Before you compile and run the program, predict what outputs you expect.

Checkoff 3: Compile and run the given program. Write down the values output. Were there any surprises?

Now we turn our attention to math operations that are not built in to C, but instead are provided as functions in a standard library. C has mathematical functions declared in the 'math.h' header file. Let us create a new program, 'lab4c.c', and include this header and stdio.h. Again, have the program return '0', which is a common convention to indicate a normal termination.

As it is, we can compile the program and run it without any problems, though it does not do much. Now let us add a call to the square root function, 'sqrt()'. Create a float variable called a with the value of 144. Use printf and sqrt to print the value of the square root af a.

When we try to compile this program, we should get an error such as

/tmp/ccnV0ryY.o: In function `main':
lab4c.c:(.text+0x29): undefined reference to `sqrt'
collect2: ld returned 1 exit status

This means that, though sqrt() was declared, the function definition could not be found. We need to tell the compiler to link the math library, which contains the assembled version of the sqrt() code we are looking for. To do this, we use the -l flag and the name of the library. For the math library, the flag is simply '-lm'. Now compile the program with

$ gcc lab4c.c -lm -o lab4c
$ lab4c

The program should now print out the square root.

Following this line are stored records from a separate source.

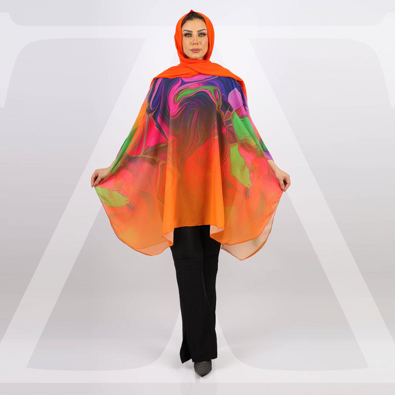 chiffon poncho without lining, digital print of our own designs Free Title fits 70kg to...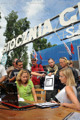 Stocznia Gdanska. Historyna brama nr 2. Wirtualny akt publikacji w wyjatkowej przestrzeni publicznej tablic z 21 postulatami w 30 rocznice ich powieszenia na bramie stoczni podczas strajku. 18.08.2010 fot. Maciej Kosycarz / KFP
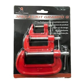 Jogo De Grampos Profissional Tipo G Com 3 Peças Jogo De Grampos Tipo C Com 3 Peças O corpo da braçadeira é feito de ferro dúctil, que é feito por fundição, e o corpo de fixação exclusivo é projetado para garantir que não seja fácil de deformar. Projetado para fornecer maior torque e força para garantir um forte efeito de fixação. QUALICAÇÕES: - Utilizado para fixação de madeiras e peças em diversas atividades. - Indicado para indústrias, marcenarias, serralherias, marmorarias, entre outros. - Corpo fundido de grampo e coberto de verniz de cor. - Parafuso zincado de grampo com prendedor especial assegura fixação segura de peças. ESPECIFICAÇÕES: - 1 25mm - 2 50mm - 3 75mm - Imagem Meramente Ilustrativa Marca: Quickstore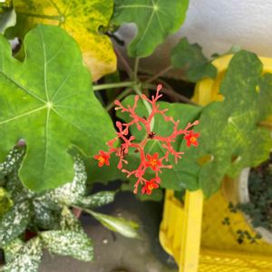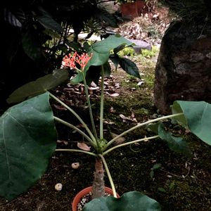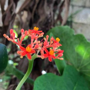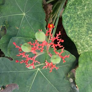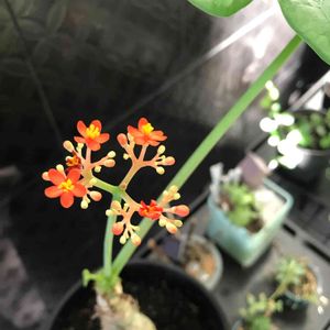 神代植物公園 #1 台風14号の影響も少なく、また来園者もごく僅か😊 温室入口で、サンゴアブラギリ。 Jatropha ヤトロファ、トウダイグサ科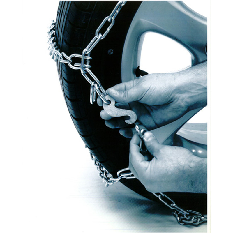 این زنجیر مناسب رینگ های ساده و اسپورت بوده و برای انواع خودروهای سواری کاربرد داشته و برای سفت کردن زنجیر بر روی تایر احتیاج به یک فنر و یا طناب می باشد. از مناسب بودن و بسته شدن زنجير چرخ بر روي تاير خودرو اطمينان حاصل نماييد. (زنجير چرخ متناسب هر تاير، زنجير چرخي است كه فقط به اندازه 3 يا 4 حلقه بزرگتر از تاير نو با بار استاندارد باشد.) بعد از اطمينان يافتن از انتخاب سايز مناسب زنجير چرخ خودروي...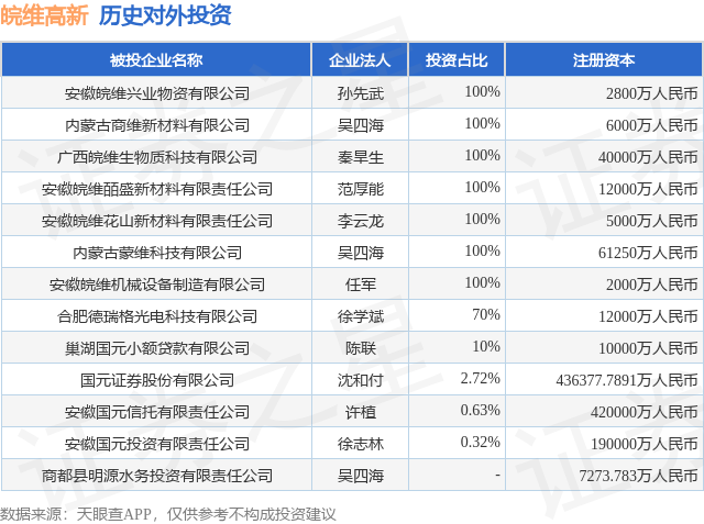 本站消息,根据天眼查APP显示,皖维高新(600063.SH)新增一起对外投资事件,被投资公司为安徽皖维兴业物资有限公司,法定代表人孙先武,投资占比为100%。该公司从事煤炭开采和洗选业,注册资本为2800万人民币。目前,皖维高新共存在对外投资13项正规炒股配资知识网,详见下表: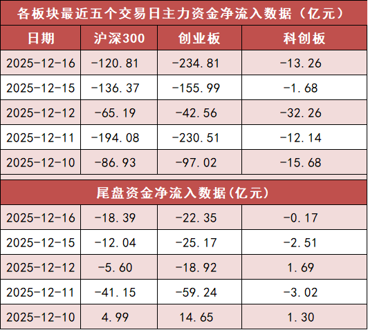 沪深300今日主力资金净流出120.81亿元,创业板净流出234.81亿元。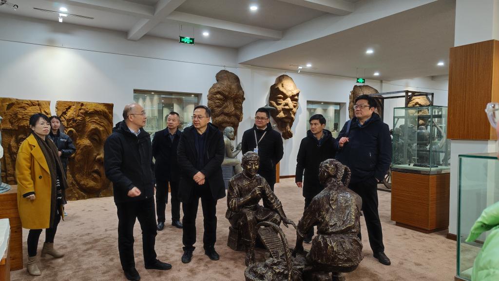 茆艾磊一行饶有兴致地参观了雕塑艺术馆,对于我校能有如此规模和特色的雕塑艺术馆,并能充分发挥艺术馆的美育功能,给予了高度评价。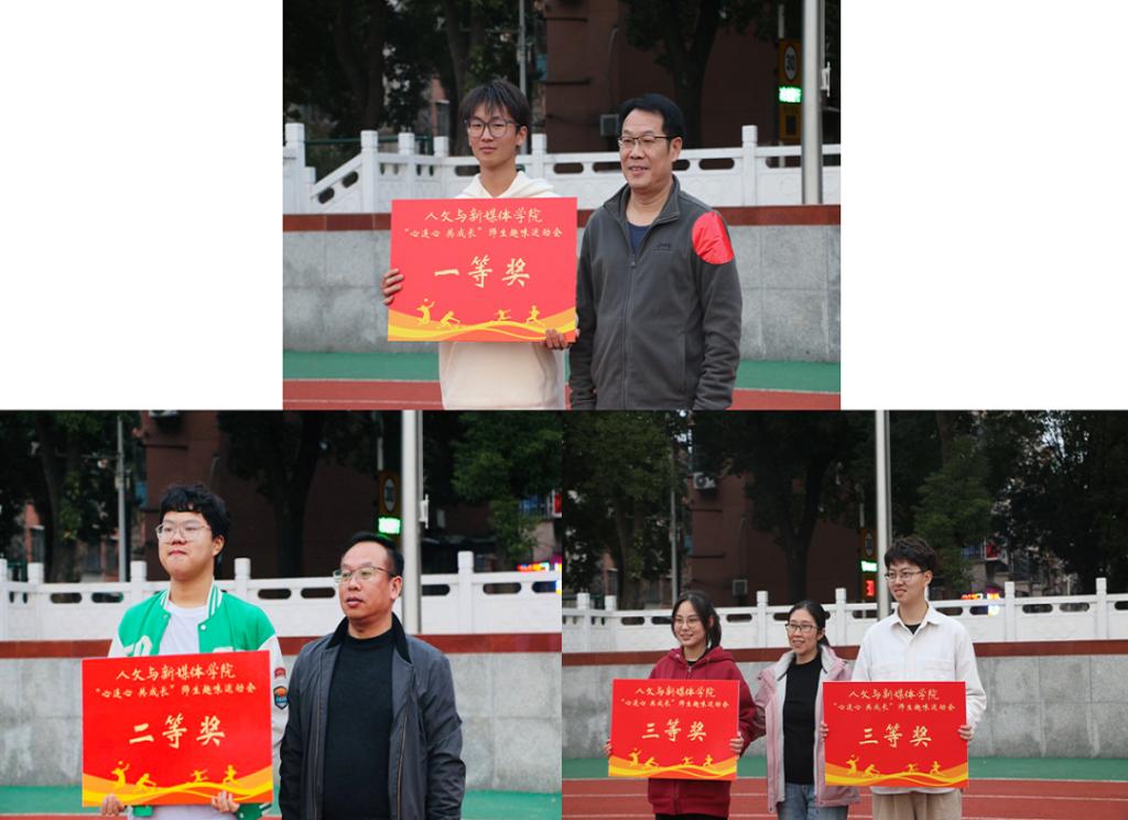 加强交流,增进情谊。“摸石过河”“跳大绳”“绑腿跑”“拔河”等团队项目和“听歌识曲”“投沙包”“一路求稳”等个体项目陆续开始。比赛中,师生们个个精神抖擞、斗志激扬、各显身手,一次次精彩的“对战”引发现场观众鼓掌喝彩,留下了一道道靓丽的风景。个人项目现场领取奖品,团队项目积分排名。最终,历史32303班、中文32302班分别斩获集体一等奖、二等奖,历史32301和新闻32301班获得集体三等奖。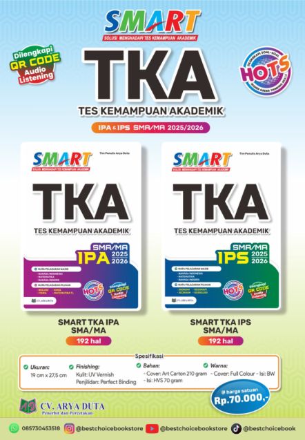 Buku SMART TKA Tes Kemampuan Akademik SMA/MA 2025/2026 adalah pilihan tepat bagi siswa yang ingin serius mempersiapkan diri menghadapi seleksi perguruan tinggi. Dengan materi lengkap, soal HOTS, pembahasan detail, serta fitur QR Code Audio Listening, buku ini bukan sekadar kumpulan soal, melainkan paket lengkap persiapan TKA.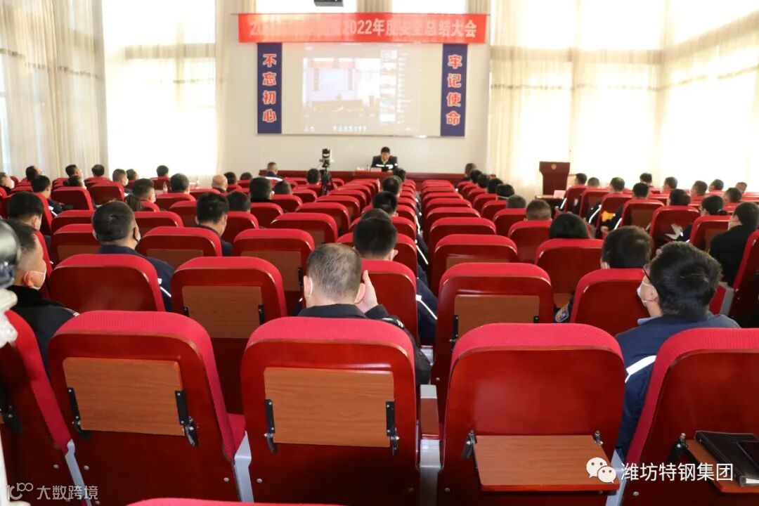 1月7日,潍坊特钢集团以线下、线上直播同时进行的形式组织召开2022年四季度暨2022年度安全工作总结大会,总结回顾2022年度各项安全管理工作,对取得优异成绩的先进集体和个人给予表彰,同时结合集团公司发展实际,安排部署2023年度安全工作任务,确定工作目标。集团董事长、总经理于光富及各分厂、部门负责人、安全管理人员等参加了本次会议。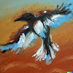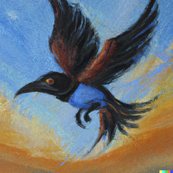 Uma pintura a óleo expressiva de um pássaro colorido voando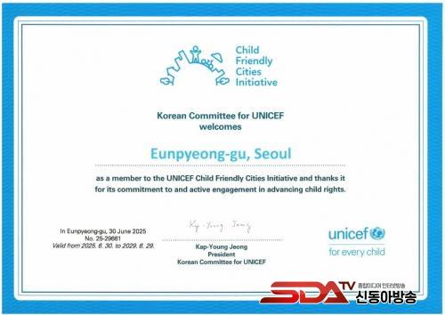 [½Åµ¿¾Æ¹æ¼Û ÀºÆò±¸=À̽ŵ¿±âÀÚ] ¼­¿ï ÀºÆò±¸°¡ Áö³­ 30ÀÏ À¯´Ï¼¼ÇÁ Çѱ¹À§¿øÈ¸·ÎºÎÅÍ ¾Æµ¿Ä£È­µµ½Ã »óÀ§´Ü°è ÀÎÁõÀ» ȹµæÇß´Ù°í ¹àÇû´Ù.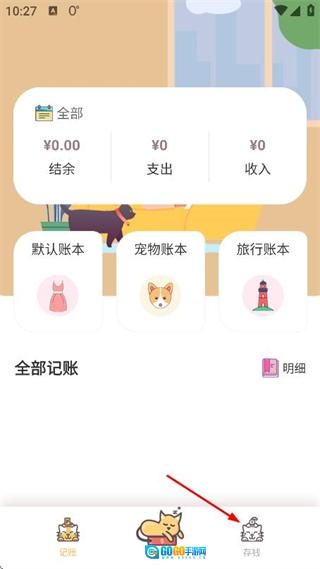 1、在记账应用的首页,点击底部导航栏中的存钱选项,即可进入存钱页面。

Now let's use the absolute value function. Add the lines

float b = -5.2;
b = abs(b);
printf("%f", b);

to the main() function of your program. 

Checkoff 4: Does the output match what you would expect? Find documentation for the C math library. How might this be changed to get the output you would expect?

Part 4:

C allows you to specify integers in hexadecimal using values using the prefix '0x'. For example, adding

int hex_val = 0x00000010;
printf("%d", hex_val);

to the body of main() will print the number "16".

 

How does one know how many bits the integer has? C has an operator called 'sizeof' that returns the number of bytes used to represent a type.

printf("%d", sizeof(int));

will print 4.  Therefore an integer in C is 4 bytes or 32 bits (the same as our word length in MIPS). The file 'stdint.h' provides constants for the maximum and minimum values of each data type.  For example, INT32_MAX and INT32_MIN are the maximum representable 32-bit int value and the minimum representable 32-bit int value respectively.  

Checkoff 5: Write C code to load an integer variable with the maximum using the hexadecimal initialization. (Convert the binary representation of the maximum value to hexadecimal.  The value will be in 2s compliment format.) Add one to this value and report on the result.